I left off the last blog entry where John Deighton was coming to speak at the Doctoral Symposium at ACR this year in San Francisco, on Thursday October 23rd at the lunchtime Plenary Session. He had no PowerPoint’s and was reading the presentation off of his laptop, which was an experiment that he predicted would likely end in failure.
It was anything but a failure. What I gathered from John’s presentation truly clarified and captured what I was just beginning to detect in the zeitgeist of the American spirit, as I wrote about just a little while ago in this blog.
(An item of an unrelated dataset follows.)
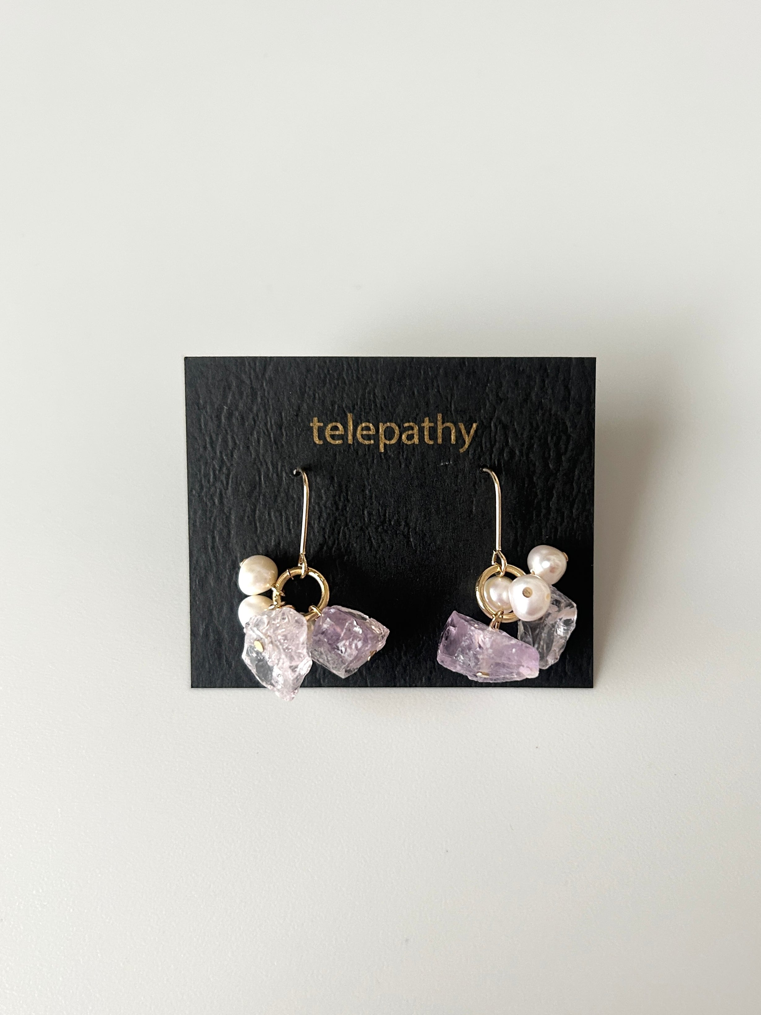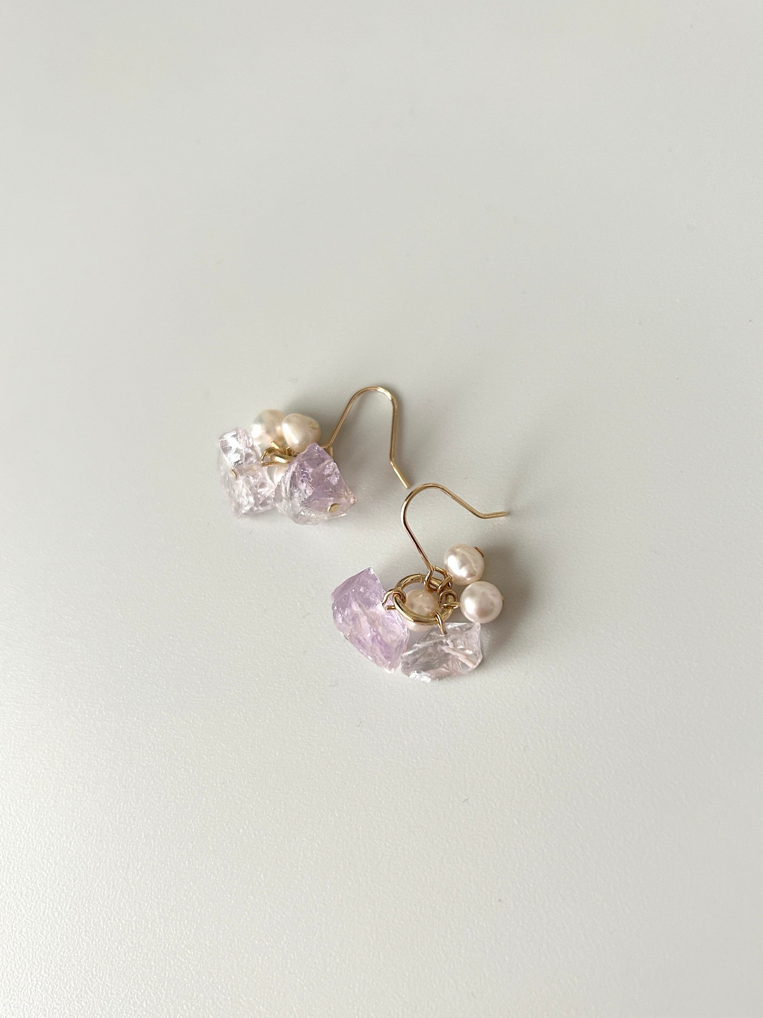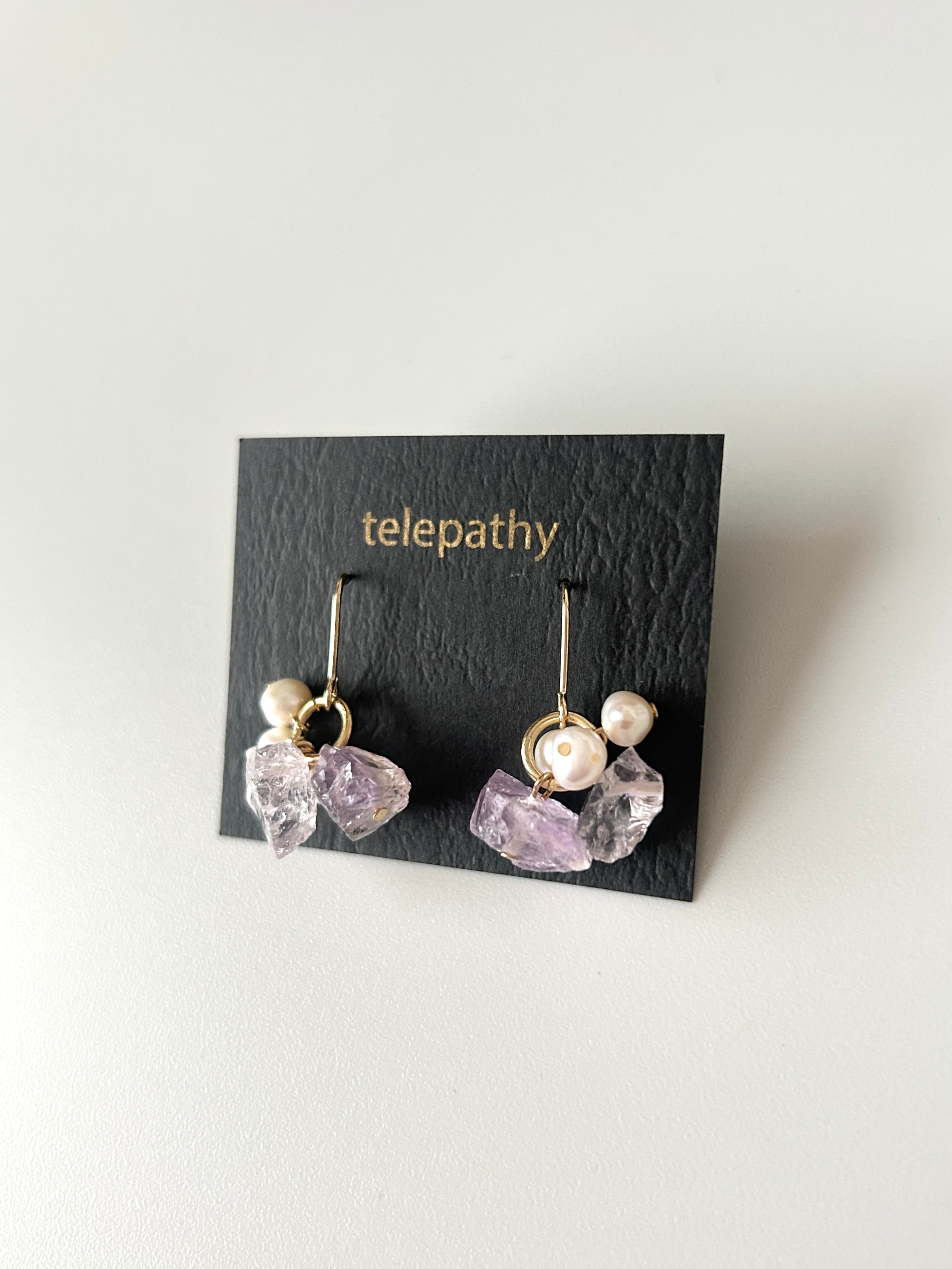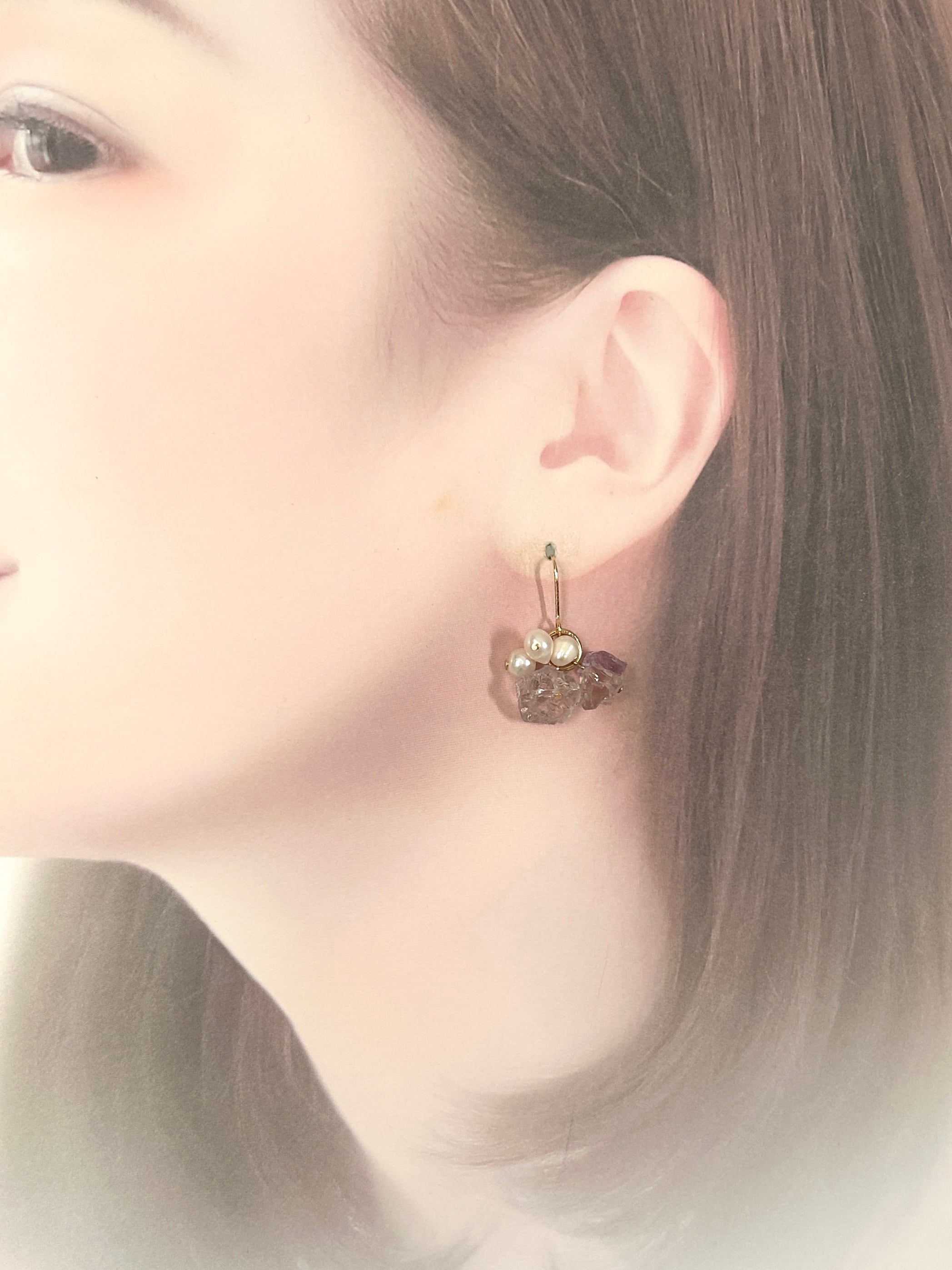 ラフカットアメジスト×淡水パール ピアス/イヤリング/樹脂ノンホールピアス

John’s presentation took a historical view. He took us back to the changes in business schools in the 1950s, after the Carnegie and Ford Foundations examined the state of business schools in America and found them lacking. They were places operated mainly by ex-business people, and were teaching business based on anecdote. The foundations called for a more scientific approach. Almost overnight these schools transformed themselves into scientific institutions. They hired Ph.D.s in basic fields. They built applied fields for themselves in a matter of years.
According to John, the two crowning achievements of these years were both in the field of Finance, both were derived from Economics, and both had much of their origins in the university of Chicago and its Economics department and approach. First, the Efficient Market Hypothesis, that asserted that the market always knows best, and can adjust itself accurately to demand without the need for heavy-handed regulation. Next was the Markets and Hierarchies and agency theory approaches drawn from the Transaction Costs approach of Oliver Williamson, which provided a rationale for deregulating economic actions and allowing self-governance and self-regulation.
According to John, these two theories had an impact akin to that of a religion. They provided the ideological underpinning for a half-century of Milton Friedmanesque deregulation of one market after another.
And again, according to John, we had just seen the ultimate defeat of this perspective. The death knell of this Chicago economics ideology was ringing in the air all around us.
I must say that, ever since I became a business school professor in 1997, finance was always the major that attracted many of the best students. This has always, for me, been just “the way it is.” Investment banking, merchant banking, financial positions-these were the ones where people could make the most money the fastest, and this suited many MBAs just fine. Marketing was for those with a bit more of a creative, expressive, curious, streak, those who put some sort of job satisfaction above the goal of simply making massive incomes (although massive incomes would, of course, be sort of nice).
What was going to happen now that banks and finance companies were failing?
This wasn’t just an oncoming recession. This was the End of The Era of Unregulated and Self-Governing Finance. The end of the endless trough, the Big Feeding Frenzy Party. Could it be the end of Big Business and Big Finance regulating themselves? This could, conceivably, be the beginning of something like the post-Depression Era, the Roosevelt New Deal Projects-the age of bigger government, of (gasp-don’t-say-it-in-front-of-the-children)-a more Socially adept (don’t say it), socially aware (don’t say it), yes, Socialist-style government in American (damn! I said it). Yikes. Or, Whoah. Or Wow.
This is real Sea Change stuff.
John tied his talk up by bringing in the connection to the field of consumer research. In this new era where Finance’s EMH had been discredited, where finance no longer held its position on the high point of the b-school and business pyramid, where regulation, negotiation, and understanding public policy were coming into positions of prominence, in this new era where would business need to turn for the answers that vexed it.
According to John, there was no one better suited to formulate and answer these questions than the scholars who were in the building for ACR, for the following reasons.
- We are already deeply involved in understanding the mechanisms of consumer choice and consumers’ actual behaviors.
- We are already concerned with the effects of marketplace behaviors, and formulating recommendations to ameliorate and improve unintended consequences and ill side effects.
- We have achieved impressive levels of scientific understanding, from fieldwork to Bayesian models to lab experiments, about the ways that markets and consumption really work, as opposed to the ways that they were supposed to work and that had been assumed, reified, then deified in the halls of Finance Departments around the world.
- We have many active, important ties to industry, and to the parts of industry that actually interface with the world, with regulators, with public relations people, with advertising and media, and with consumers themselves.
- And we are beginning to flex our muscles in the field of social policy.
This was heady, amazing, call-to-arms stuff. Powerful stuff. For me, John’s speech was one of the major highlights of ACR 2008. I’ll tell you more about some of the other highlights tomorrow.